Do you just take a racer and stick on some thicker tires with tread and go off-road?
Wouldn't this just ruin the forks?
Probably a stupid questions that everyone asks but im just curious, an explanation would be much appreciated :)
10-10-05, 07:52 AM
Cyclocross bikes USED to be just a road bike with knobbies on.
Then road bikes started getting built with a lot tighter geometry in the late 70's and early 80's. By the 90's you couldn't fit a knobbie CX tire into anything but a Bridgestone. Then none at all.
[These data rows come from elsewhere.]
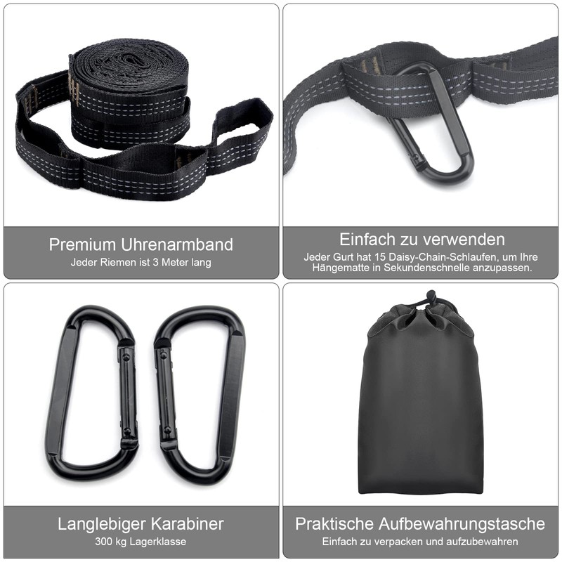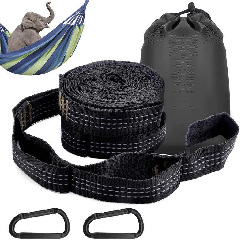 - Easy to use: attach your hammock quickly and easily by placing one end of the strap around a tree and hooking your hammock into one of the 18 pre-made loops with the help of a carabiner. The included bag allows space-saving and safe transport of the straps.
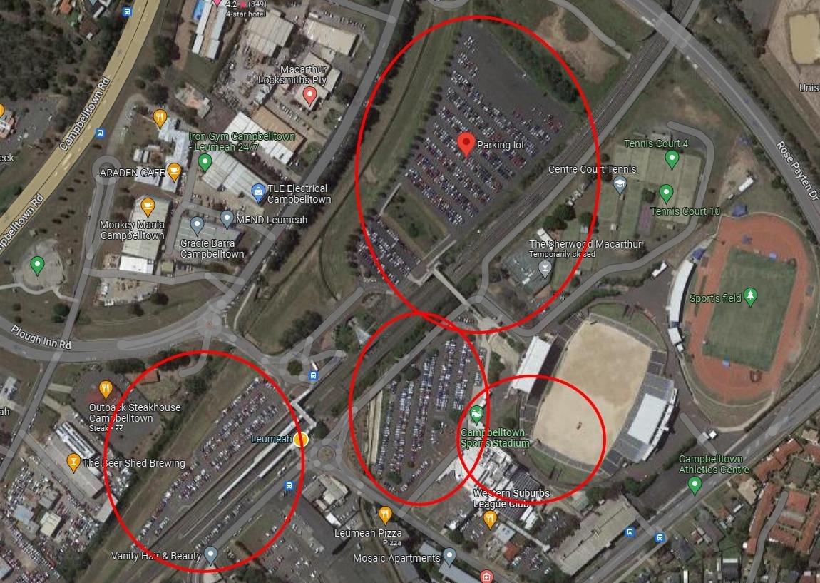 The above image taken from Google Maps shows all the nearby parking lots to the Campbelltown Stadium.
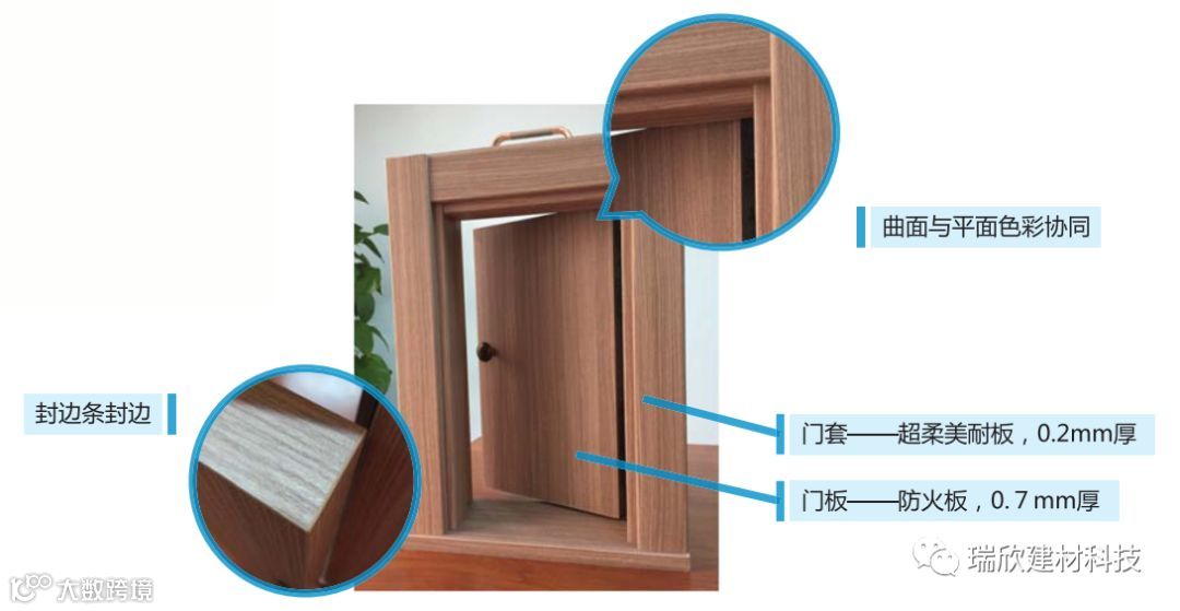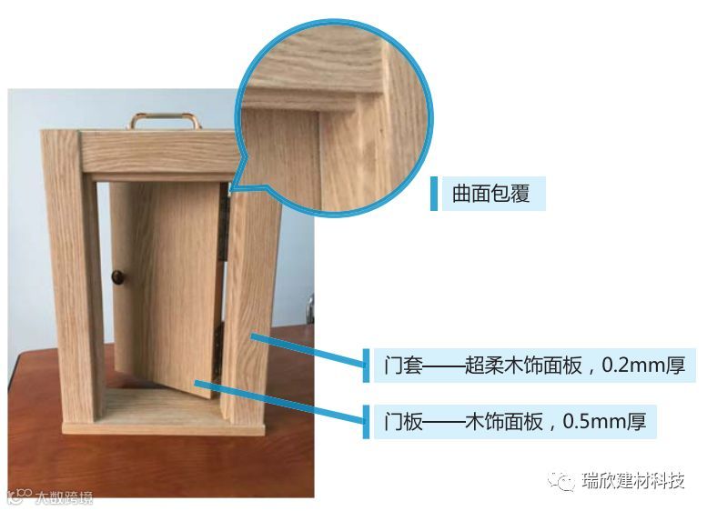 超柔木饰面板可做门套的曲面包覆 配合木饰面板的同色封边门板,使门 韵门板颜色一致,自然美观,环保 耐用。
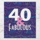 A "40 and Fabulous" 40th birthday design with a geometric 80s and 90s background pattern of dark blue, turquoise, pink, and green, featuring a stylish white and pink text.
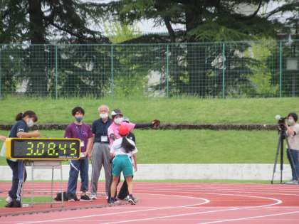 9月22日(木)陸上カーニバル チャレンジ走その2 公開日 2022/09/22 更新日 2022/09/22 学校行事 高学年は、大きなトラックを2周走ります。トラックのそばで、下学年が「がんばれーー!」「最後まであきらめるなー!」と大きな声で声援を送りました。 長い距離でしたが、全員走りきることができました!マラソン大会も楽しみです。
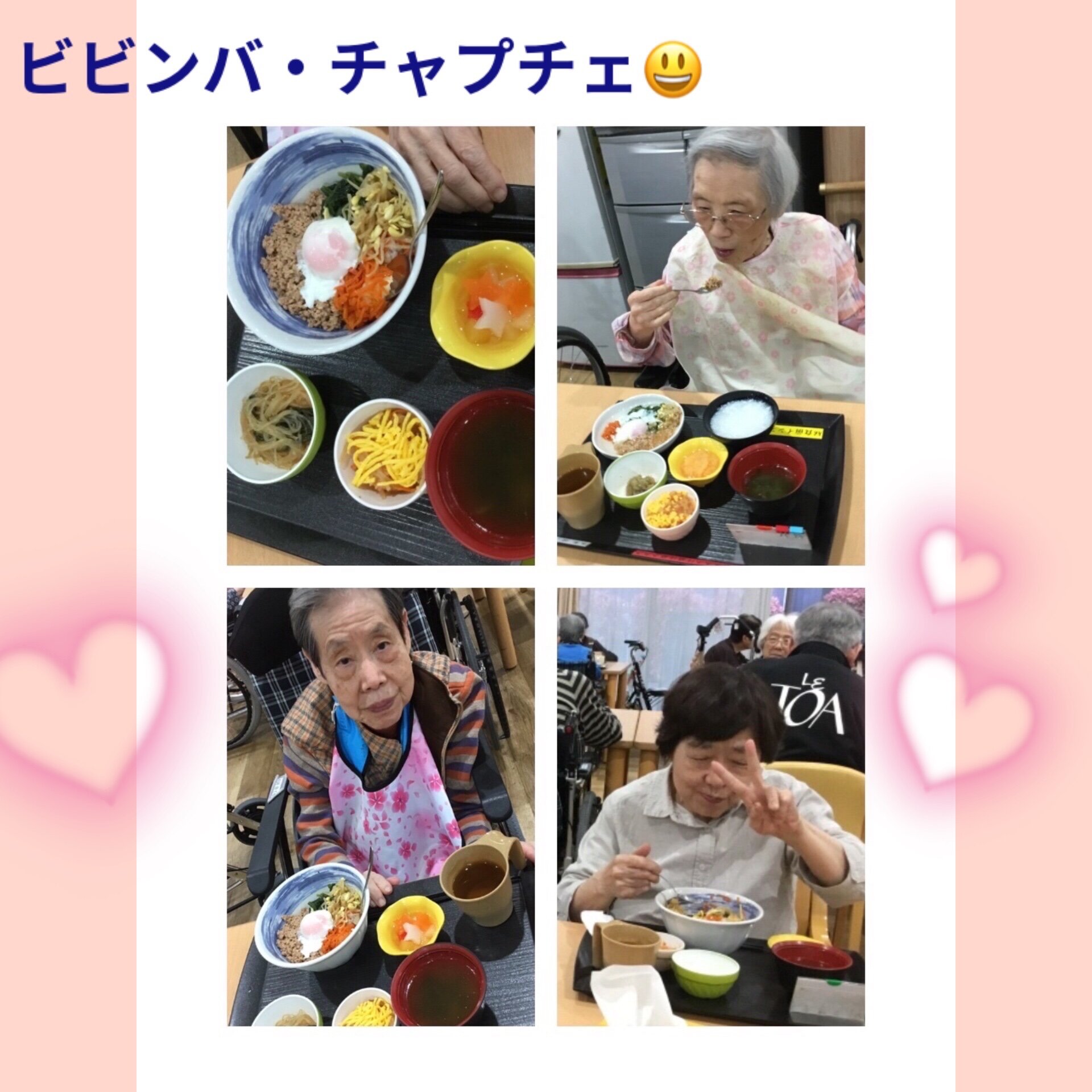 いつもスーパー・コート三国ブログをご覧いただき誠に有難うございます。昨日はご馳走メニュー提供日でした。メニュー:ビビンバ、チャプチェ、大根サラダ、中華スープ、杏仁豆腐皆様笑顔で召し上がっておられました(*'ω'*)
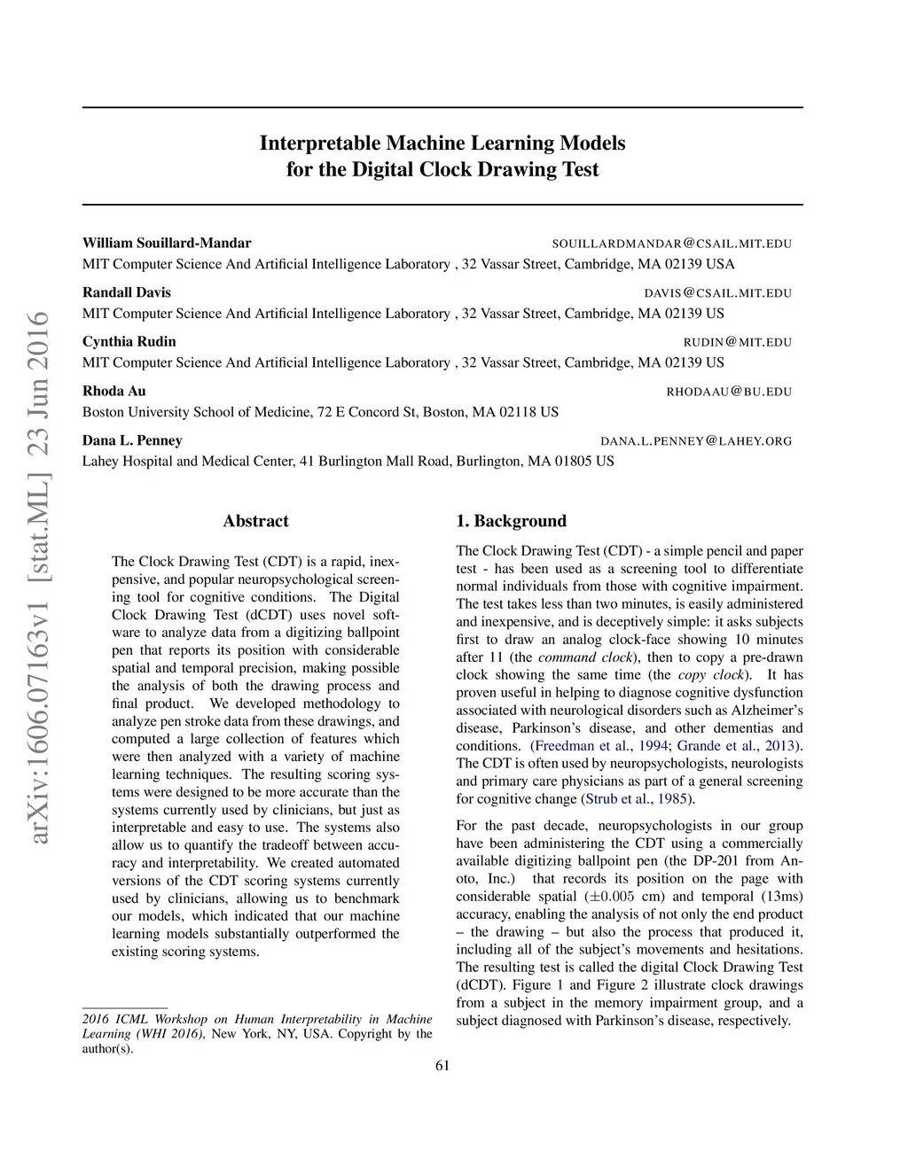 Interpretable Machine Learning Models for the Digital Clock Drawing Test
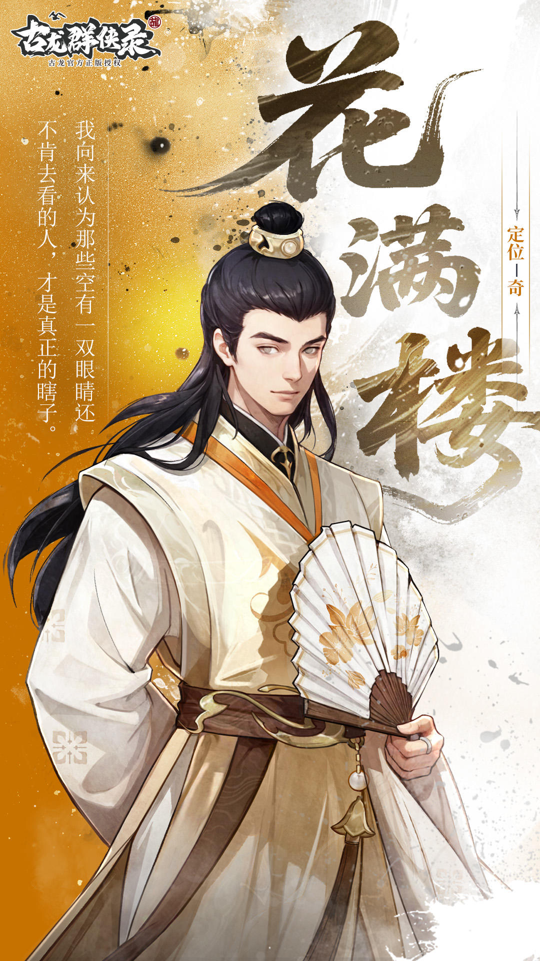 古龙武侠小说《陆小凤传奇》中的重要人物,江南花家第七子。自幼双目失明,性情温和宽容,擅长流云飞袖与闻声辨位武功,与陆小凤结为生死之交。作为和平主义者,花满楼虽遭初恋上官飞燕欺骗仍保持宽恕态度,始终相信世界充满爱与温情

So you now need a CX bike and fork which are built with about the same clearance as a 1975 Peugeot but the steering geometry of a 2005 Raleigh Team road bike.
Off-road shocks from striking potholes and the like are no worse than on-road shocks from hitting pot holes and the like. What's more, the fatter tires cushion the wheels somewhat and you actually get a softer ride.
10-10-05, 01:08 PM
Most new road frames won't even come close to clearing a fat 'cross tire that you'd want for a comfortable ride (there are narrow tubeless cyclocross tires that probably would fit). Also they lack the cantilever bosses on the frame and fork for mounting cantilever brakes or v-brakes. You need these off-road brakes with enough clearance to keep from getting clogged with mud. You could have these brazed onto a steel frame but often the chain stays are to narrow to properly mount a rear brake. So you're left with two options- Use an older road or touring frame (like the '75 Peugot mentioned) possibly with canti bosses added or use a modern 'cross frame. In my opinion the differences, beyond weight, are minor but there are some. Cyclocross frames tend to have slightly higher bottom brackets and so on. Really the main difference between a road and 'cross bike is in the tires. The fatter tires make for a much nicer ride.